Par ailleurs, le Karst est l'un des rares types de paysages présentant une troisième dimension, étant admis que le paysage "normal" correspond à une surface - donc à deux dimensions - déformée. Les réseaux de cavités de l'endokarst, qui ajoutent une dimension souterraine supplémentaire, expliquent les particularités de l'exokarst.
Le problème fondamental de la karstologie est d'expliquer les rapports complexes existant entre le paysage karstique et son drainage souterrain. Le problème pratique est donc d'obtenir un stock de données aériennes et souterraines homogènes permettant de mettre en rapport la dynamique actuelle, observées sous diverses latitudes et altitudes, avec les formes et remplissages connus en surface et sous terre. Le cas des paléokarsts ne sera pas envisagé ici.
La karstologie se présente comme une science charnière, exploitant les données hydrogéologiques, géochimiques, géotechniques, etc., dont les méthodes conditionnent son développement. En outre, de par sa composante endokarstique elle est inséparable de la pratique spéléologique, et, plus particulièrement, de la découverte des grands réseaux souterrains susceptibles d'être mis en rapport avec l'hydrographie superficielle.
Dans le cadre de cette note, nous ne considérerons que 4 disciplines complémentaires, ayant joué un rôle déterminant dans le développement de la karstologie :
Nous subdiviserons le développement de la karstologie en 5 étapes :
Les deux formes caractéristiques d'un karst sont les cavernes (grottes et gouffres) et, dans le paysage, les bassins fermés (dolines et poljes).
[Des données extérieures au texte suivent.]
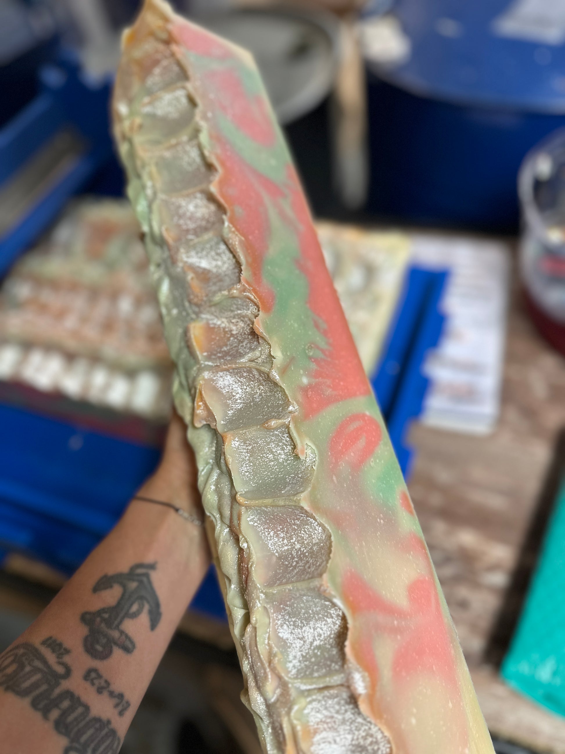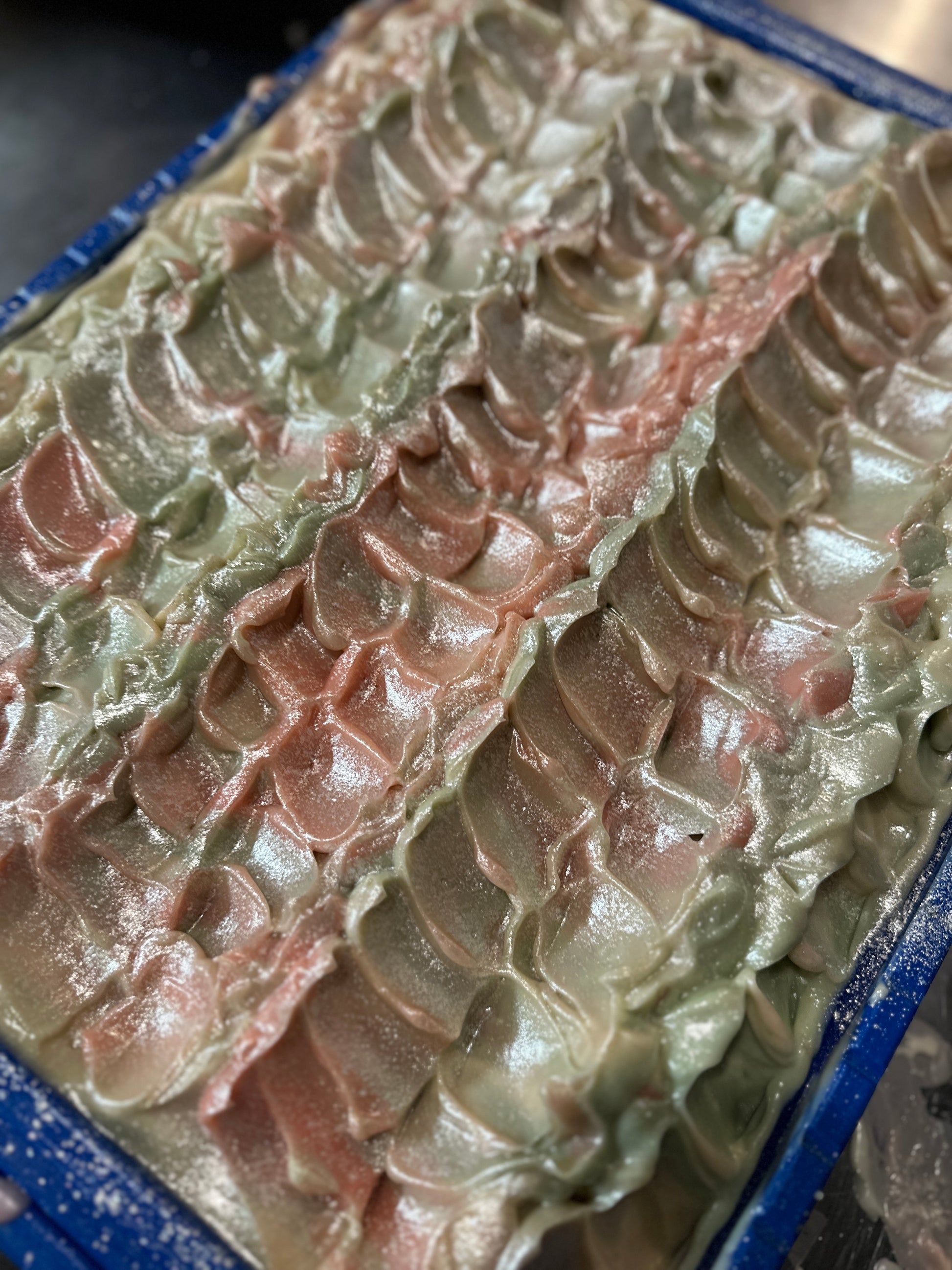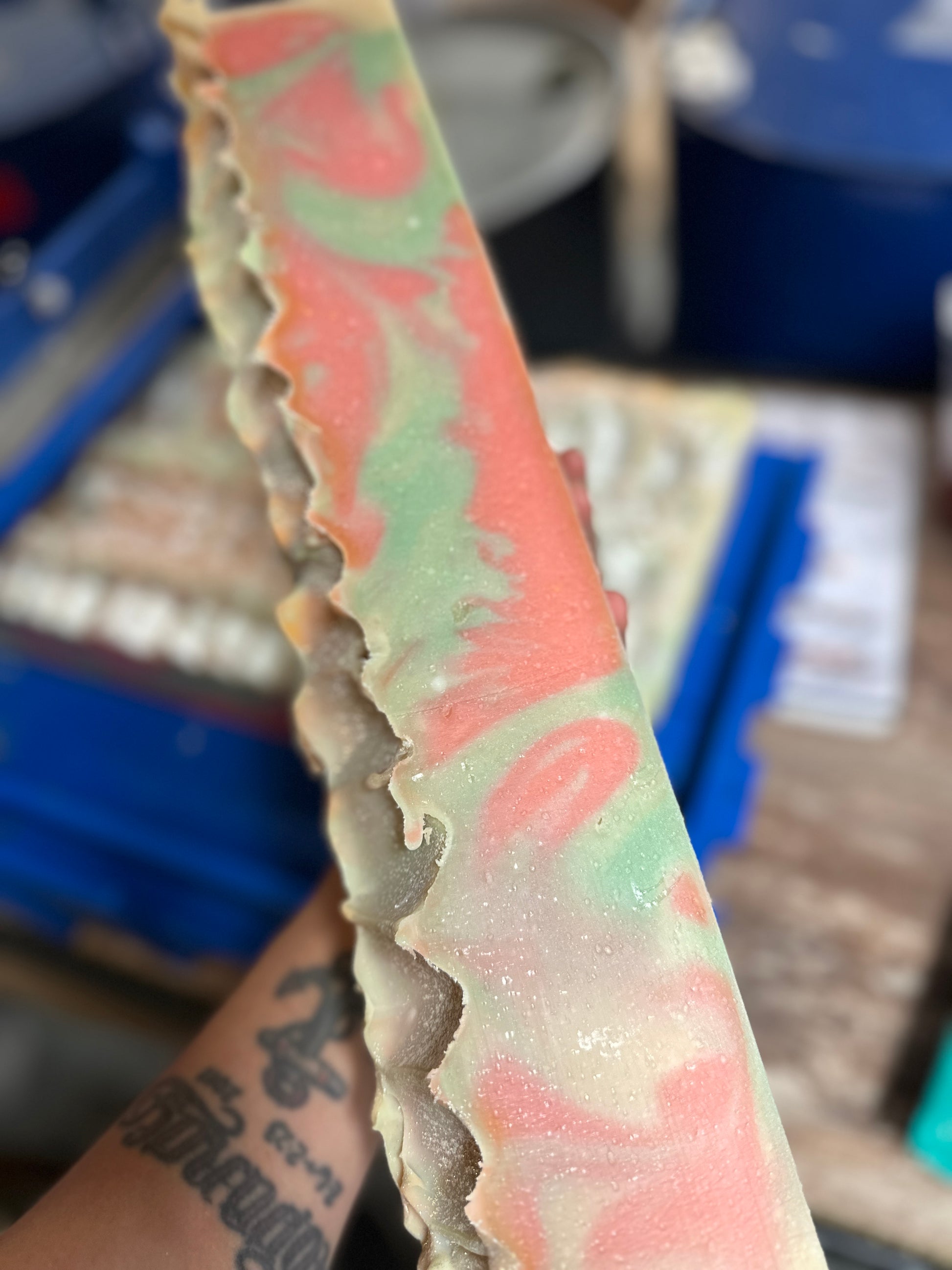 Ingredients: Organic saponified oils (extra virgin olive, unrefined babassu, tallow, sunflower ), sustainable sourced mica, essential oils,extracts
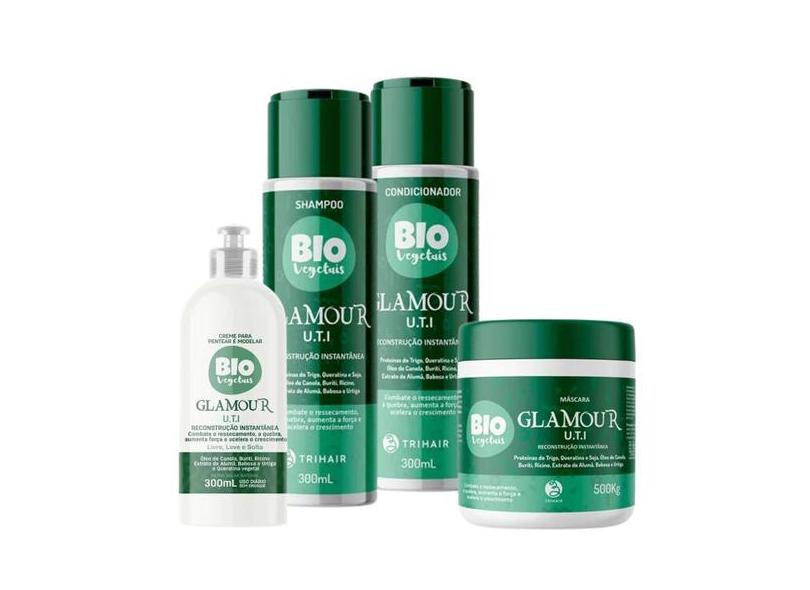 Kit Sh+Cond+Mask+Creme Pentear 300ml Biovegetais Uti Glamour - Trihair
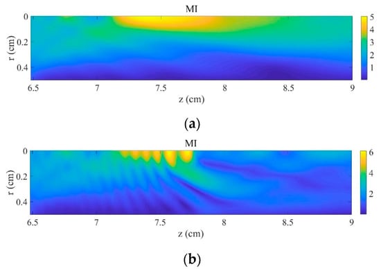 Mechanical index in the focal area at . (a) Without bubbles and (b) with bubble cloud ().
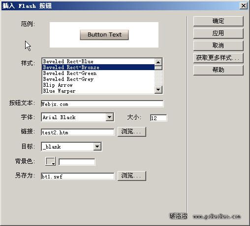 ( 3 )保存文件,完成操作。簡單的 Flash 按鈕也可通過 Dreamweaver 來快速制作,這就不必大動干戈來用 Flash 來制作了。
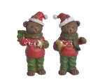Miś brąz stojący czerwony sweter i czapka mikołaja, złote serce/gwiazda w ręku 13cm 1 sztuka

Elles s'associent aux formes non-karstiques (vallées, rivages, volcans, ...) pour créer des paysages et des structures géologiques de types variés.
Les grottes et cavernes furent longtemps considérées, soit comme des curiosités naturelles - assimilables aux rocailles décorant les jardins du XVIIème siècle -, soit comme un mode d'explication d'ailleurs mythique - renvoyons à Platon et à Kircher (Ellenberger, 1988) . Les paysages et les cavités du Karst de Carniole (Slovénie actuelle) attirèrent l'attention des voyageurs, citons Schônleben (1681) et Valvasor (1689), cela jusqu'en 1854, date de la publication, par l'Académie des Sciences de Vienne, de "Die Grotten ... Adelsberg..." du Dr Adolf Schmidl, présentant les explorations poursuivies pendant 4 ans dans les 8 km de galeries des grottes d'Adelsberg-Postumia. A. Schmidl "doit être considéré ... comme le véritable organisateur de la spélaeologie" (Martel, 1894). Ajoutons, qu'en France, le réseau de la Grotte de Miremont-Rouffignac (Dordogne), long de 4 900 m, était connu depuis le XVIème siècle (Belleforest, 1575) et fut topographié pour la première fois en 1770 (Bouchereau, 1966) ; mais cette curiosité n'avait pas suscité un intérêt réel.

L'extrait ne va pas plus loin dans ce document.